De face, la mâchoire inférieure doit être centrée sous la mâchoire supérieure à laquelle elle est parallèle.
- Joues : Les joues sont bien arrondies et s’étendent latéralement au delà des yeux.
Yeux : Les yeux, vus de face, sont situés bas dans le crâne, bien éloignés des oreilles. Les yeux et le stop sont sur une même ligne droite perpendiculaire au sillon frontal. Ils sont très écartés mais leurs commissures externes sont à l’intérieur du contour des joues. Ils sont de forme ronde, de dimension modérée, ni enfoncés, ni proéminents, ils sont de couleur très sombre – presque noirs – ils ne laissent pas voir de blanc (sclérotique) quand ils regardent droit devant. Absence de tare oculaire manifeste.
Oreilles : Les oreilles sont attachées haut – c’est-à-dire que le bord antérieur de chaque oreille, vue de face, rejoint le contour du crâne à l’angle supérieur dudit contour, de telle sorte que les oreilles sont aussi écartées que possible et qu’elles sont placées aussi haut et aussi loin des yeux que possible. Elles sont petites et minces. L’oreille en rose est correcte c’est-à-dire qu’elle se replie vers l’intérieur dans sa partie postérieure, le bord antéro-supérieur se recourbant vers l’extérieur et vers l’arrière, découvrant en partie l’intérieur du conduit externe de l’oreille.
Encolure : Le cou est d'une longueur modérée, très épais, puissant et fort à l’attache. Il est convexe dans son profil supérieur et présente beaucoup de peau lâche, épaisse et ridée dans la région de la gorge formant un fanon de chaque côté, de la mâchoire inférieure au poitrail.
Queue: La queue est attachée bas et part en saillie, plutôt droite, puis s’incline vers le bas. Elle est ronde, lisse et dépourvue de frange ou de poils rudes. De longueur modérée – plutôt courte que longue – épaisse à la base, elle s’amincit rapidement en une fine pointe. Elle est portée bas, sans courbe marquée vers le haut à l’extrémité. Elle n’est jamais portée au-dessus du dos.

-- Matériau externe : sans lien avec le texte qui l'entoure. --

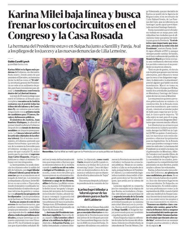 Karina Milei baja línea y busca frenar los cortocircuitos en el Congreso y la Casa Rosada Guido Carelli Lynch La hermana del Presidente estuvo en Suipacha junto a Santilli y Pareja. Aval a los pliegos de los jueces y a las nuevas denuncias de Lilia Lemoine. Karina Milei es la figura más poderosa del Gobierno, sin discusión. Nada nuevo. Desde antes de que asumiera el Ejecutivo, su hermano Javier la define como el "El Jefe". La secretaria general de Presidencia no cede ni un milímetro de poder, pero hace concesiones para alinear la tumultuosa convivencia dentro de La Libertad Avanza. Los más de 20 nuevos pliegos que envió el Gobierno al Senado para completar vacantes en la Justicia contaron con el aval de todas las tribus del oficialismo y de Comodoro Py, un universo que se había ninguneado con la primera tanda de candidatos para 77 jueces, fiscales y defensores públicos. El ministros de Justicia, Juan Bautista Mahiques, le ofrendó el primer triunfo judicial al Gobierno después de un cúmulo de derrotas sensibles con impacto presupuestario. La Cámara laboral ratificó los artículos objetados de la reforma laboral. En el mismo movimiento, el Gobierno pretende que el juez Víctor Pesino -que votó a favor de la sentencia favorable para el Gobierno- prosiga en su cargo a pesar de que cumplió 75, mejor suerte que la que tuvo el supremo Juan Carlos Maqueda, obligado a jubilarse y a dejar al máximo Tribunal con tres integrantes. La hermanísima no pudo silenciar los chismes sobre la salida del jefe de Gabinete, pero logró blindar a Manuel Adorni a pesar de las denuncias que se acumularon en el juzgado de Ariel Ljio. Los ministros acompañarán a Karina y Javier Milei en su excursión a Diputados, donde el ministro coordinador intentará brindar el miércoles su primer informe de gestión y contestar con altanería las preguntas de los diputados. Con los periodistas no le fue bien; en Twitter tampoco. Karina no asume el costo de los errores de sus funcionarios, que podrían considerarse como fallas propias por extensión. Casa Militar -que depende de ella- ordenó dejar afuera a todos los periodistas acreditados, porque investiga un supuesto espionaje tras una filmación de TN. En el Gabinete no ignoran que el periodista señalado filmó con la venia de funcionarios del área que responden a Karina y que se desentendieron de la medida cuando la noticia escaló en redes e indignó al Presidente, que lo ignoraba, como otros detalles que transcurren en su administración. Luis Caputo objeta la política del Gobierno a cargo de los Menem, alfiles de Karina. Los Milei contestan, a su manera. El Presidente no le dedicó ni un "me gusta" a las gestiones del ministro de Economía en los Estados Unidos, adonde viajó para conseguir la garantía del Banco Mundial y el BID para nuevos préstamos de bancos privados. Tiempo tuvo. El Presidente promedió más de 3 horas de promedio en X por día durante abril. La hermana del Presidente también hace equilibrio. Hace ocho días, mandó a Lilia Lemoine a disciplinar a la militancia digital que objetaba a Sebastián Pareja, que había demandado a tuiteros libertarios. La diputada, como contó Clarín, levantó el perfil cuando insultaron a la titular de LLA en el streaming Carajo!. Cerca del diputado se desentendieron de la denuncia y señalaron que no dependía de ellos la alternativa de "bajar" la demanda. Una semana después, la flamante presidenta de la comisión de Juicio Político de la Cámara Baja pidió información sobre presuntos pagos a concejales libertarios en municipios de la Provincia para votar iniciativas de los bloques peronistas. Esos nombres llegaron a las listas en 2023 con el aval de Pareja. Dirigentes oficialistas con ambiciones en la Provincia reconocen dificultades y rechazan las acusaciones públicas. "Abajo es un cambaleche y a Lilia no se le puede decir nada, porque habla por el Presidente"; dijeron. La controvertida legisladora también desacreditó al biógrafo presidencial Nicolás Márquez, que pedía por la cabeza de Adorni. Lemoine explicitó su sospecha por los concejales en la víspera de que Karina se trasladara a Suipacha -este sábado- para participar de la segunda jornada de la Escuela de Formación Política de LLA, una actividad lanzada por la máxima autoridad libertaria en la provincia. Karina avaló la participación de Diego Santilli, el dirigente mejor posicionado para ser candidato a la gobernación en 2027. Hasta Suipacha viajaron referentes de todas las facciones del oficialismo. Estuvieron el bullrichista ex intendente de Tres de Febrero, Diego Valenzuela, que por decisión de Karina se quedó sin la Agencia de Migraciones; el ex secretario de Culto Nahuel Sotelo, de Las Fuerzas del Cielo, que se referencia en Santiago Caputo; igual que el diputado nacional Santiago Santurio. Pareja transmitió que el oficialismo trabaja en un mapa para individualizar las ciudades que el oficialismo tiene que pintar de violeta para ganar la Provincia. "Es el objetivo más importante que tenemos, además de la reelección del Presidente", sostuvo Pareja. Santilli sigue afiliado al PRO y, aunque siempre puede cambiar de bando, es el único referente del partido de Mauricio Macri que tiene aval para una confluencia electoral entre los partidos mientras el ex presidente se mueve en silencio. "Está en pie de guerra, el círculo rojo le pide que genere una tercera alternativa, pero Mauricio teme que la rosca y los dirigentes negocien y lo dejen solo y lo abandonen", precisó alguien que habló con el ex mandatario. Macri se toma su tiempo. Parte a Europa por 18 días, tendrá dos actividades partidarias en Mendoza y Santiago del Estero antes de irse un mes al Mundial. Los empresarios quieren que varios gobernadores se sumen a la construcción. En la Rosada creen que el ex mandatario, que camina el país, intentará acumular poder de daño para negociar por la Ciudad, lo único que le importa. "El odio está y es real,

Poil: Le poil posséde une texture fine, il est court, serré et lisse. Il n’est dur que parce qu’il est court et serré (ce n’est pas un poil « fil de fer »).
Couleur: Robe unicolore ou « suie » (c’est-à-dire unicolore avec le masque ou le museau noir). Il n’y a que des couleurs uniformes (qui doivent être brillantes et pures), à savoir : rouge dans ses différents tons, fauve, fauve pâle, etc. bringé, blanc et robe panachée (combinaison de blanc avec l’une quelconque des couleurs précédentes). Les couleurs foie, noir, noir et feu sont absolument à écarter.